BREAKING NEWS

Senin, November 25, 2013

Jeratan WTO dalam Perdagangan Dunia


Oleh : Biko Nabih Fikri Zufar

(Anggota FMN Unsoed & Mahasiswa Sosiologi 2013)


World Trade Organization (WTO) merupakan sebuah organisasi perdagangan internasional. Sebagai organisasi perdagangan, WTO mengurusi berbagai macam bentuk perjanjian-perjanjian perdagangan internasional. Hakikatnya WTO merupakan perpanjangan tangan para Imprealis guna melancarkan kepentingan-kepentingannya dan juga membentuk berbagai macam perjanjian.
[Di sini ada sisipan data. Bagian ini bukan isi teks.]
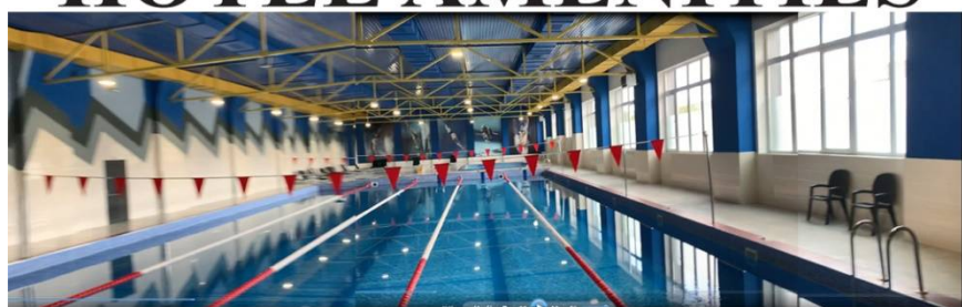
Olympic-size swimming pool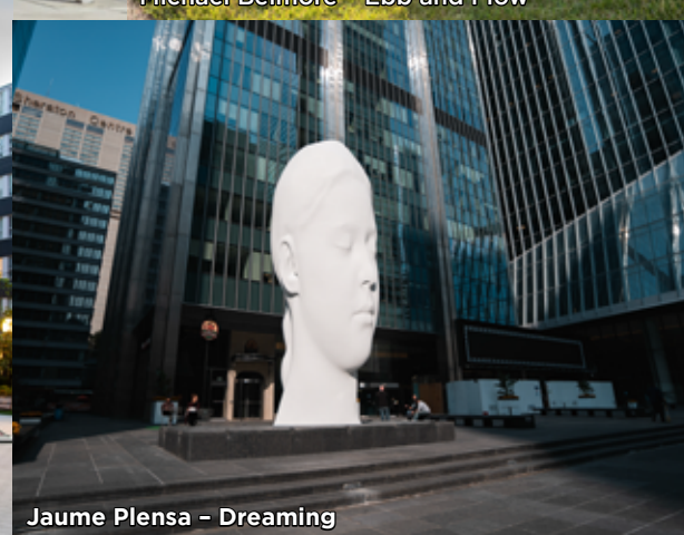
Jaume Plensa - Dreaming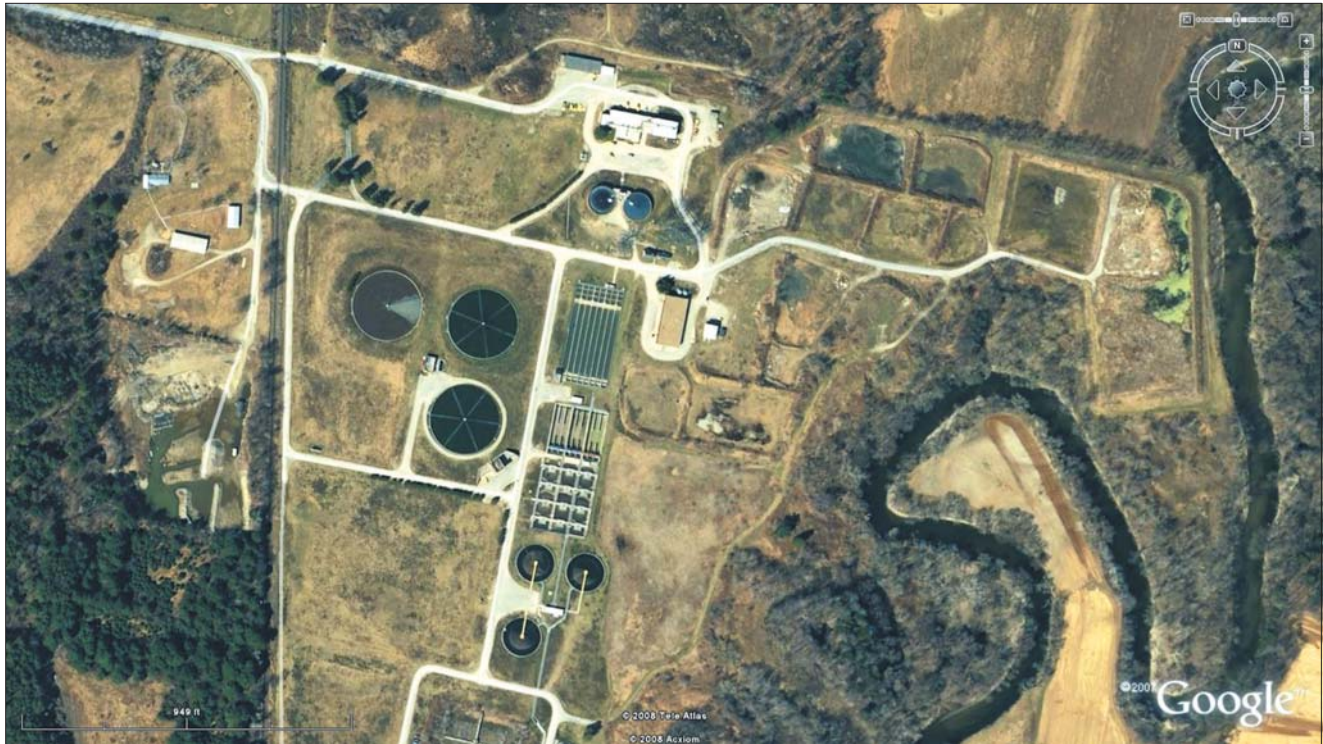
Aerial view of the Pittsfield, MA, wastewater treatment facility.

digester building, while mixing is accomplished by re-circulating compressed digester gas from the headspace of the primary digester to the bottom of the vessel through lances (see Figure 1). In the second stage of the anaerobic digestion there is no active mixing or heating of the sludge, but solids-liquid separation through quiescent settling of the sludge.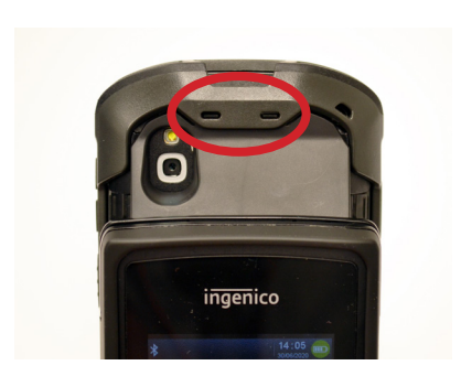
Ensure that the rubber exoskeleton on the Zebra device, hooks over the tabs on the case.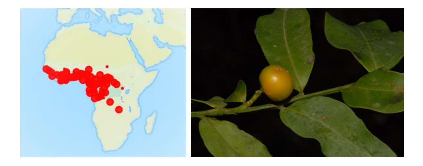
Figure 1. Geographical distribution (African Plant Database, 2022) and appearance of O. subscorpioidea Oliv. (Brunken et al., 2008)

O. subscorpioidea grows in most of the West and Central African countries (Figure 1). It can be found in Senegal, Nigeria (Ayandele & Adebiyi, 2007), Cameroon, Côte d'Ivoire, and the Democratic Republic of the Congo (Kazeem et al., 2015).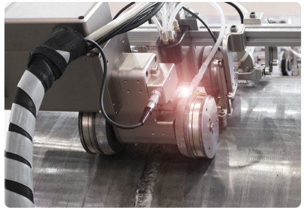
Pipeline inspection stations require a robust liquid cooling system to ensure reliable operation.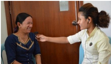
Radio Program on Electoral and Political Rights of PwDs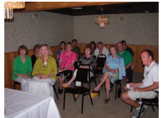
A gathering for the Joyce readings.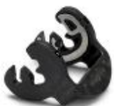
Replacement latch for HC-B10 / HC-B16/ HC-B24 housings with double locking latch (plastic design)

Double locking latch - HC-B 10-24-QB - 1637265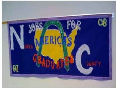
JAG Career Association Banner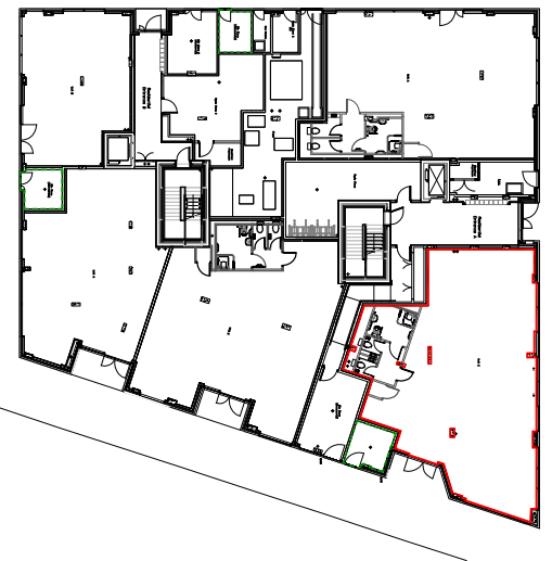
Gnd Floor Overview - nts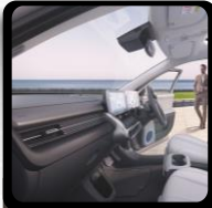
Dark pebble gray interior color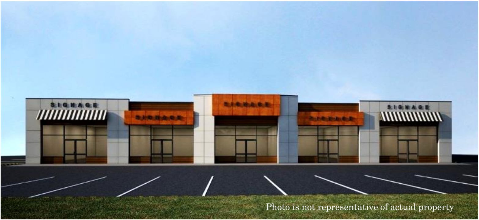
Photo is not representative of actual property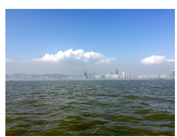
Image 1. Anthropogenic pollutant can be observed in the atmosphere of many Chinese coastal cities, in this study researchers investigated the potential impact of this pollution on the water quality.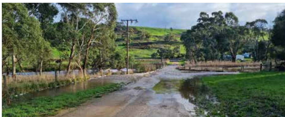
Myponga Flooding at Rogers Road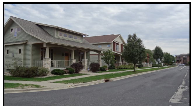
Large front porches and reduced front yard setbacks.

Varied home styles and price ranges support the needs of Sequim residents.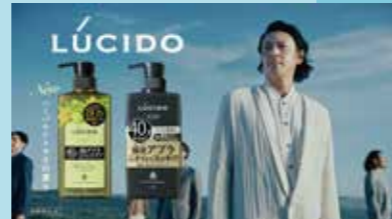
マンダム ルシード 「頭のニオイケア」篇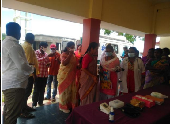
Inaguration of Medical Camp by MPTC member, Sri,Siva garu at Rural camp On 24/06/2022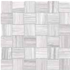
2" x 2" ERAMOSA ICE BASKETWEAVE HD PORCELAIN MOSAICS 69-231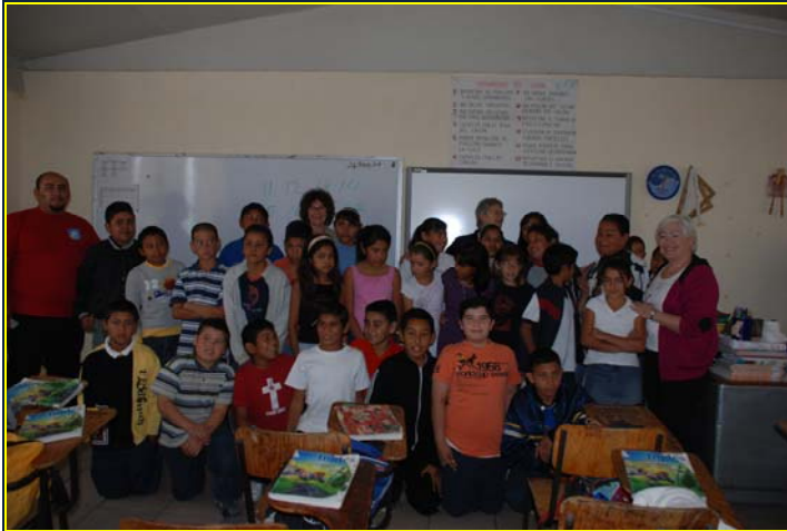
5 th grade class at Colonia Márquez de León

Here the streets are desert dirt, the homes are small and simple, some made out of scraps of this and that. This is the La Paz you don't see from the Malecon, the mall or tourist brochures. This is one of the colonias where the Fundación Ayuda de Niños La Paz (FANLAP) helps to ensure that children have at least one meal a day.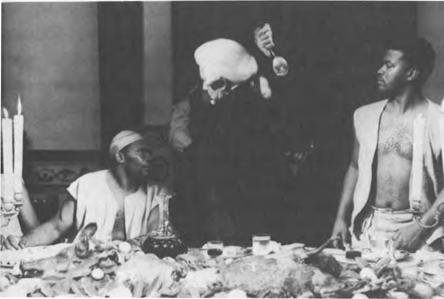
Master and slave. The Last Supper (Unifilm)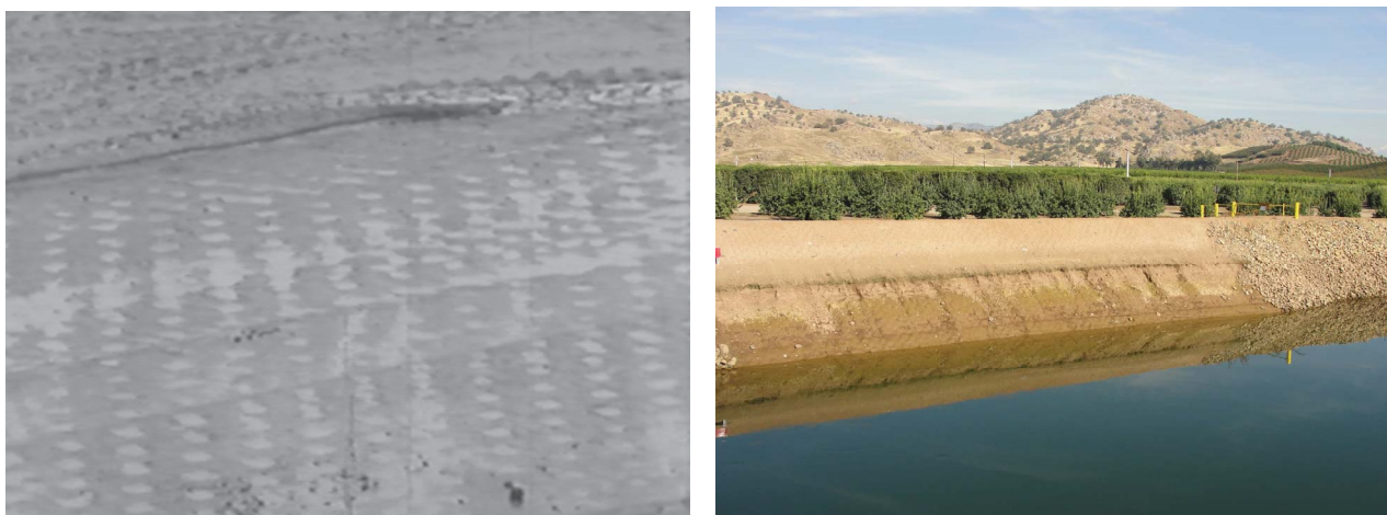
Figure 5: Pictures of the Friant-Kern Canal.

Left : sheepfoot roller imprints filled with water, at the canal bottom after 1 year irrigation (source : National Lime Association).

Bentuk perjanjiannya antara lain adalah AOA (Agreement of Agriculture) dan GATS (General Agreement of Trade in Serivice).

AOA adalah perjanjian yang mengatur mengenai sektor agraria. Krisis imprealisme dalam sektor finansial membuat imprealisme mengalihkan pandangannya kepada sektor agraria, khususnya pangan. Sektor ini menjadi penting karena dalam agararia terdapat semua unsur kehidupan manusia. Dalam hal ini, imperialisme melihat keuntungan yang besar apabila sektor agraria dapat diliberalisasikan.
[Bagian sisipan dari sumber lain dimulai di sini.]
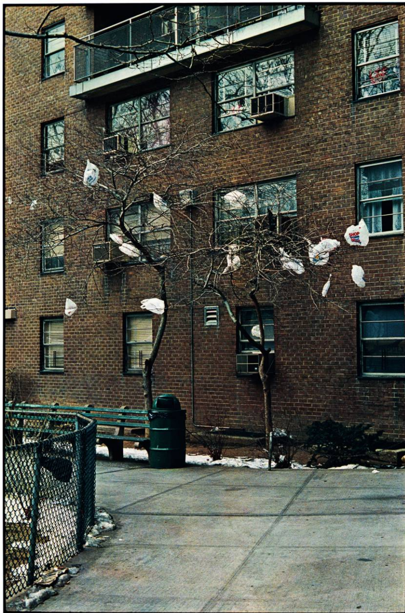
FIGURE 3. Zoe Leonard, Untitled (tree + bags) , 2000 (detail). © the artist, courtesy of Galerie Gisela Capitain, Cologne.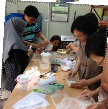
Creating sprigs with Plaster of Paris & then..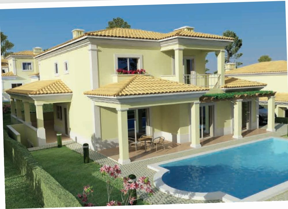
Villa No. 8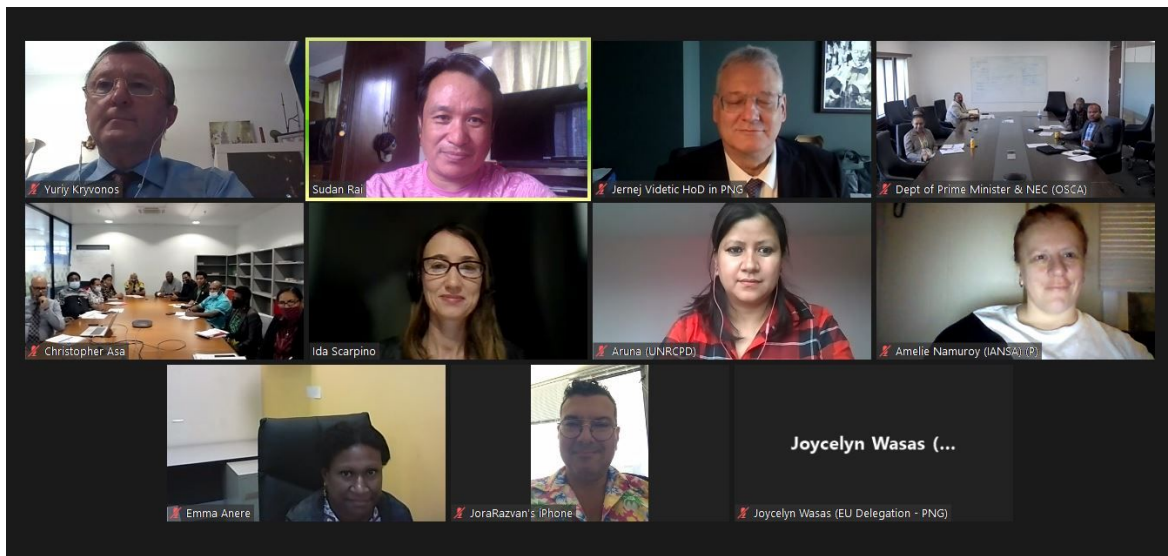
Figure 1: Group photo of UNRCPD staff, the EU delegation, experts and twenty-one national participants from various governmental agencies and civil society.

As travelling in the Asia-Pacific region remains challenging in the wake of the Covid-19 pandemic, the United Nations Regional Centre for Peace and Disarmament in Asia and the Pacific (UNRCPD) adapted a planned national training on gender and small arms control for government officials from Papua New Guinea into a webinar series. The four-part series, conducted in partnership with the Office of Prime Minister and National Executive Council (NEC) of Papua New Guinea, were held on 23, 24 and 30 September and 1 October.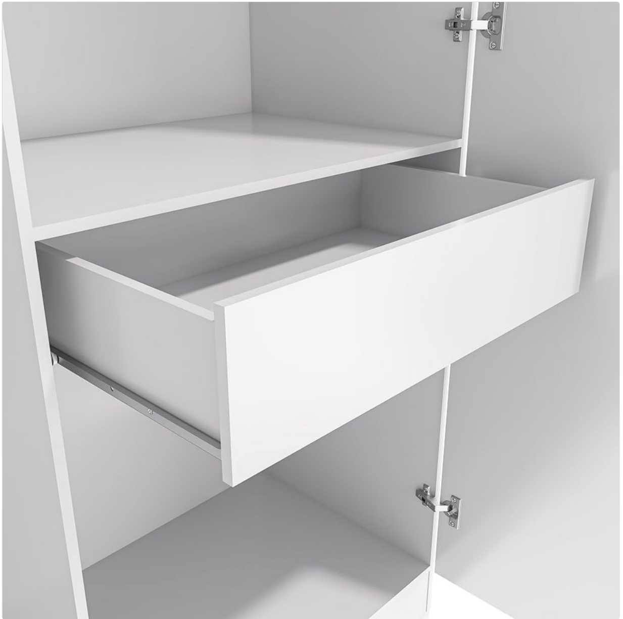
Figure 5.2: Detail of the drawer with metallic slides, demonstrating smooth functionality.

AOA memiliki tiga komitmen dasar yaitu perluasan akses pasar, pengurangan subsidi domestik, serta pengurangan subsidi impor. Tiga komitmen dasar tersebut ditambah dengan satu perjanjian perlakuan khusus (palsu) bagi negara berkembang. Adapun program-program yang dijalankan dalam AOA yakni salah satunya adalah penurunan tarif.

Penurunan tarif ini merupakan skema, dimana produk impor akan masuk dan tidak dikenakan bea masuk. Artinya jika ini diterapkan maka produk dalam negeri akan hancur dan petani akan terancam. Jadi negosasi AOA ditujukan untuk meningkatkanan volume perdagangan dunia atas produk pertanian dan mengurangi bahkan menghilangkan segala hal yang menjadi penghalang di negara-negara anggota. Sebagai contoh saja kasus tentang kedelai diamana petani kedelai dalam negeri dirugikan dengan produk impor yang tentu saja lebih murah.

Pada sisi lain, AOA juga mensyaratkan akan adanya investasi yang besar dalam sektor agraria. AOA sejatinya adalah alat dari imperialisme untuk memutar modal mereka, maka negara-negara dengan sumber daya agraria yang besar menjadi target eksploitasinya, salah satunya adalah Indonesia. Di Indonesia, untuk memenuhi investasi pada sektor agraria  pemerintah membuka lahan sebesar-besarnya untuk kepentingan investasi imperialisme.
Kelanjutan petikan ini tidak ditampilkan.